Hans bekam eine lange Strafarbeit und platzte fast vor Wut. Gleich nach der
Stunde rannte er auf Arkan zu und wollte auf ihn einschlagen. Da haben ich
und ein paar andere ihn festgehalten. Jetzt hat er nichts mehr zu sagen in der
Klasse. Niemand will mehr etwas mit ihm zu tun haben. Aber mit Arkan reden
und spielen wir jetzt alle.“
Ich weiß nicht, wie ihr die Geschichte findet. Ich habe mich auf jeden Fall
sehr über sie geärgert. Damit ihr auch versteht, warum, erzähle ich euch nun
meine Geschichte.
Ich heiße Bernhard Drechsler und gehe in die siebte Klasse einer Gesamtschule. Wir sind 31 Schüler. Eberhard und Heinz gehören auch dazu. Sie sind
die „Chefs“ in der Klasse, was sie sagen, wird gemacht. Wir anderen mögen die
beiden zwar nicht, aber keiner traut sich, etwas gegen sie zu sagen. Am allerwenigsten der kleine Robert, obwohl er am meisten zu leiden hat. Mit ihm treiben
sie es besonders toll. Und am schlimmsten ist es beim Sportunterricht. […]
Heute Morgen haben sie wieder so etwas Gemeines gemacht. Eberhard hat
einen Luftballon an dem Wasserhahn in unserem Klassenzimmer festgebunden. Kurz bevor Herr Burger hereinkam, drehte Eberhard den Hahn ein wenig
auf. Der Lehrer merkte es nicht und begann mit dem Unterricht. Wir schielten
immer wieder zum Wasserhahn, wo der Luftballon größer und größer wurde.
Auf einmal platzte er, und das Wasser spritzte bis zu Herrn Burger.

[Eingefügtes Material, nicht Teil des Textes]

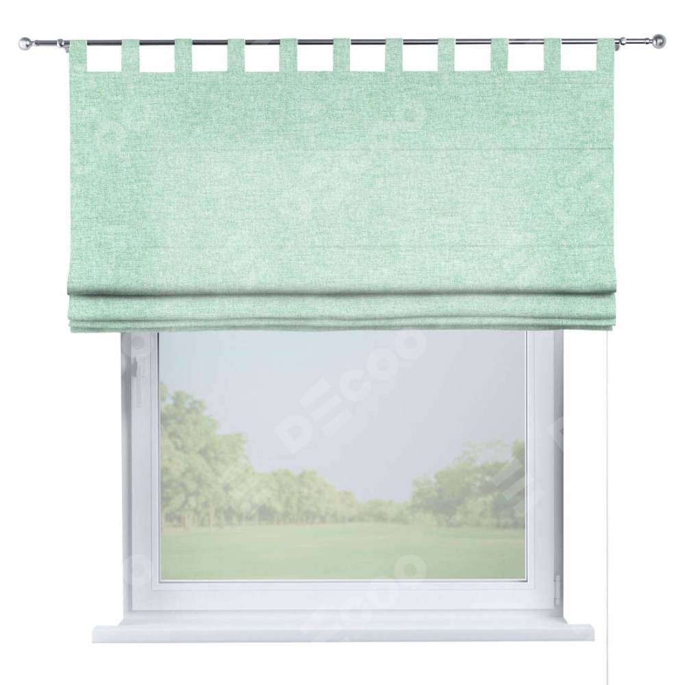 Римская штора производителя «Cortin», используется для проёма, пошита из ткани лён кашемир мятный, артикул ткани 21617. Данная модель пошита на петлях, комплектуется на выбор круглым карнизом и подходит для монтажа на стену. Римская штора на петлях имеет простую систему регулировки высоты, отличительным преимуществом данной модели является простой способ монтажа. Достаточно повесить ее на трубу и штора готова!
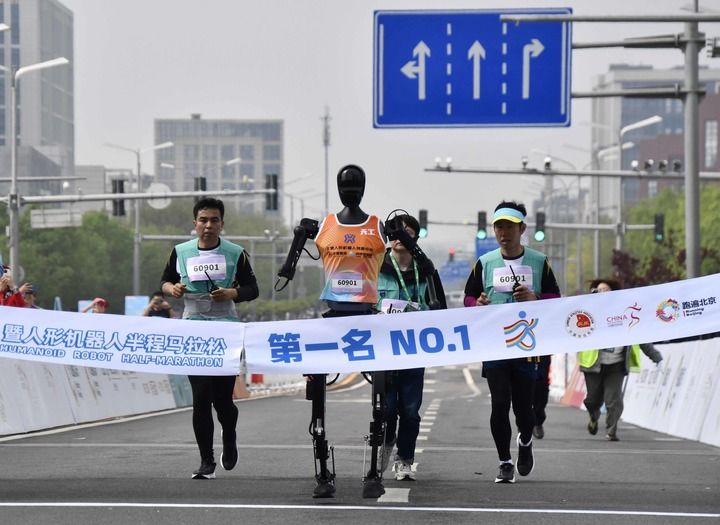 2025年4月19日,在北京亦莊舉行的2025北京亦莊半程馬拉松暨人形機(jī)器人半程馬拉松比賽上,天工隊選手天工Ultra(左二)沖向終點。
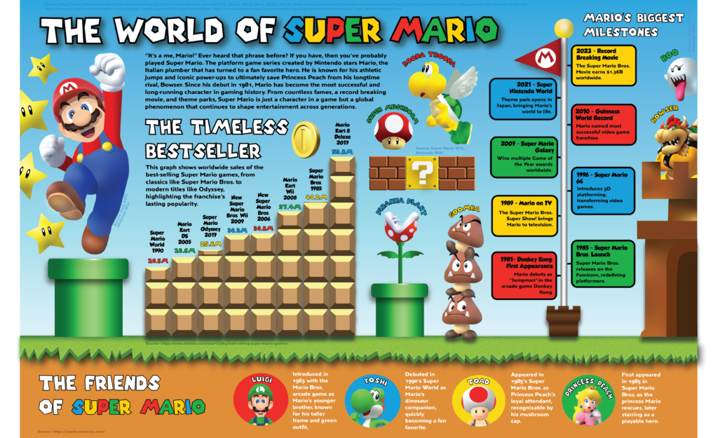 This project challenged me to turn the world of Super Mario into a clear, information-focused design while still keeping the playful look of the game. I created an 11 × 17-inch infographic in Adobe Illustrator inspired by the ending scene where Mario climbs the flagpole, using it as the main layout for organizing facts and visuals. I brought in familiar characters, block elements, and a game-style color palette to make it feel authentic and nostalgic. Throughout the process, I focused on keeping the information easy to read while letting the visuals support the story. This project helped me learn how to balance detailed research with a fun, themed design, especially for something that feels meaningful to me as a long-time Super Mario fan.
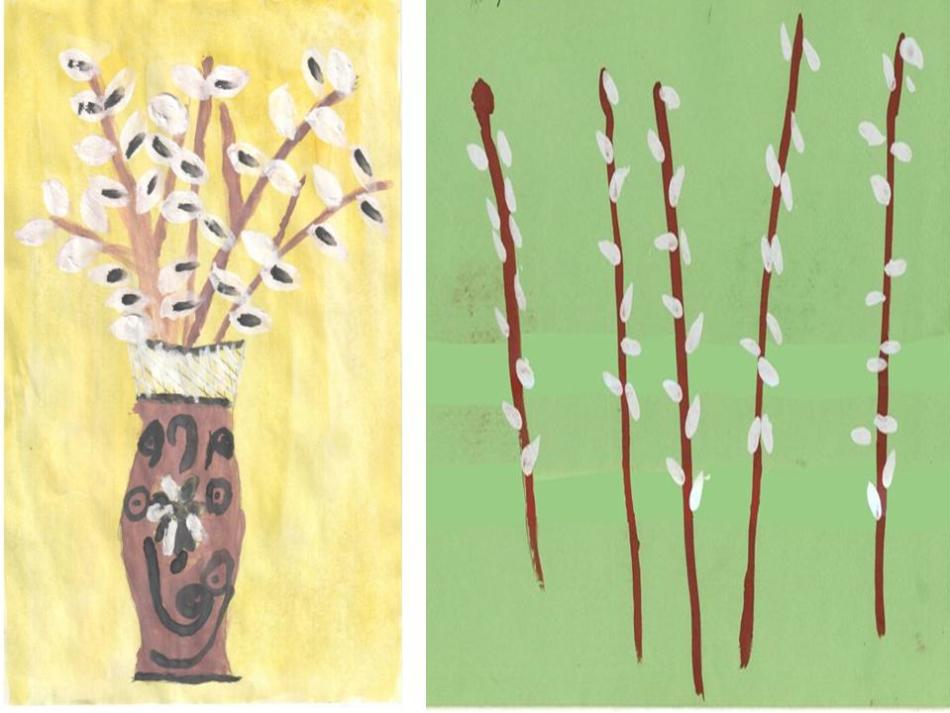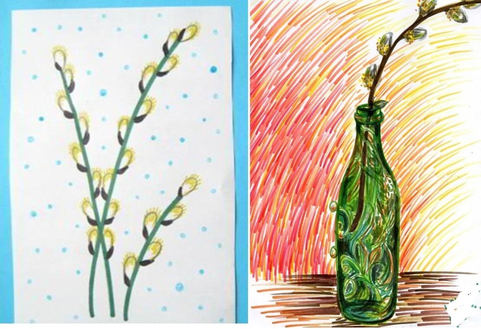 Діти із задоволенням малюють гілочки верби в садах і школах, готують весняні листівки мамам і до Великодня.
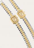 Рифленая заводная головка украшена кристаллом. Стальная задняя крышка крепится на 4-х винтах. Удлиненный стальной браслет с раскладывающейся застежкой.
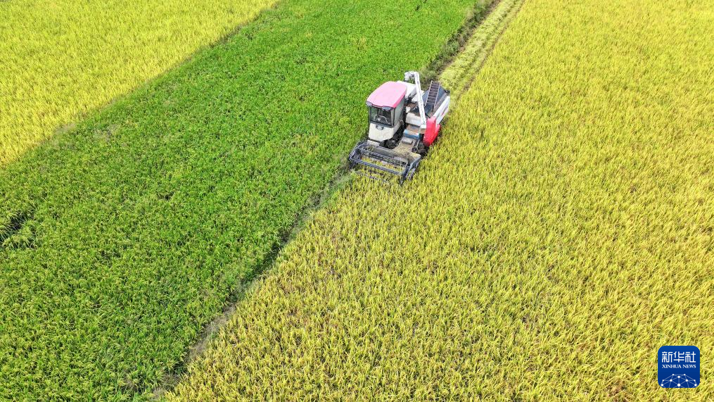 9月18日,在湖南省永州市道县梅花镇贵头村,农机手驾驶农机在收割稻谷(无人机照片)。
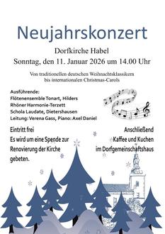 Das Benefiz Neujahrskonzert findet in Habel am Sonntag, 11. Januar 2026 um 14.00 Uhr in der Kirche statt. Anschließend ist die Gemeinde zu einem gemütlichen Zusammensein eingeladen.
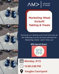 Join us to kick off Marketing Week with a fun Tabling & Treats event! Stop by our table to learn about the exciting events we have planned, connect with fellow students, and snag some free goodies. Plus, enjoy a special guest appearance from Tru Fru—come sample their delicious treats!
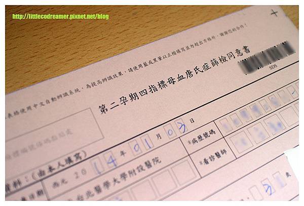 由於錯過了第一孕期唐氏症篩檢 (註3),因此我考慮做四指標篩檢。我戶籍在台北市,北醫的婦產科櫃檯就可以直接辦理補助手續。但必須繳交身分證正反面影本一份。因為沒有事先準備,只好臨時衝到最近的小7影印。手續辦妥、費用繳清後,就開始進行孕期中的第二次抽血。
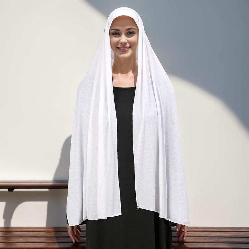 - Delicate sewing:Jersey hijab scarf sewn with a cap.This instant hijab with Cap is easy to wear.Simply wrap your head, and the stretch knit provides a secure hold.Lift the chiffon scarf and you can wear it as you like
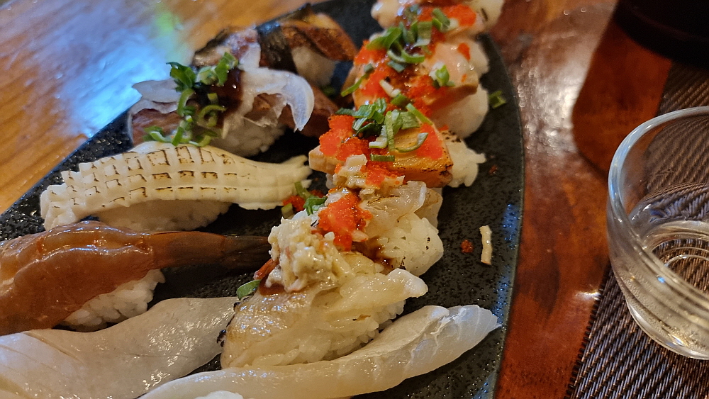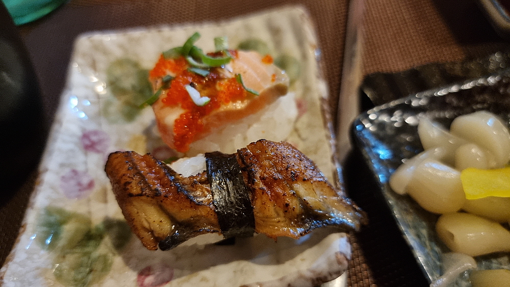 이날은 그렇게나 먹고 싶었던 장어구이, 즉 우나기 스시도 있었다. 우나기는 워낙 일본 사람들이 좋아하는 먹거리이자 안주라 어디가나 우나기 굽는 냄새가 진동하지만 우리는 솔직히 쉽게 만나기 어려운 안주이다. 바로 구워서 밥위에 올리면 좋겠지만 이렇게라도 만나니 어찌나 반갑던지... 다양한 종류의 스시를 먹는 것은 다채로운 요리를 먹는 것처럼 아주 즐겁고, 입이 호강하는 기회라 하겠다. 자리가 다소 좁은 탓에 오랫동안 앉아서 먹는 것이 좀 불편한 점도 있지만 이렇게 맛난 안주와 함께 먹으니 술맛이 아주 그만이다. 이런 맛에 미식가들은 온갖 불편을 감수하고서라도 좋은 식당을 찾아 다니는 것이겠지...

„Wer war das?“, wollte Herr Burger wissen. Er wartete eine Weile und
schaute dabei jeden an.
Als sich niemand meldete, sagte er: „Ihr habt bis zum Ende der Stunde Zeit.
Wenn sich der oder die Täter bis dahin nicht melden, wisst ihr, was folgt.“ […]
Herr Burger wollte gerade mit dem Unterricht weitermachen, da meldete
sich Heinz und sagte ganz laut: „Der Robert war’s. Ich hab’s genau gesehen.“
Mir gab es einen richtigen Stich. Ich dachte sofort an die Geschichte mit
Arkan. Mein Herz schlug immer fester. Im Magen surrte es ganz komisch, und
meine Hände wurden feucht.
Du musst es sagen, dachte ich, jetzt musst du es sagen. Du musst!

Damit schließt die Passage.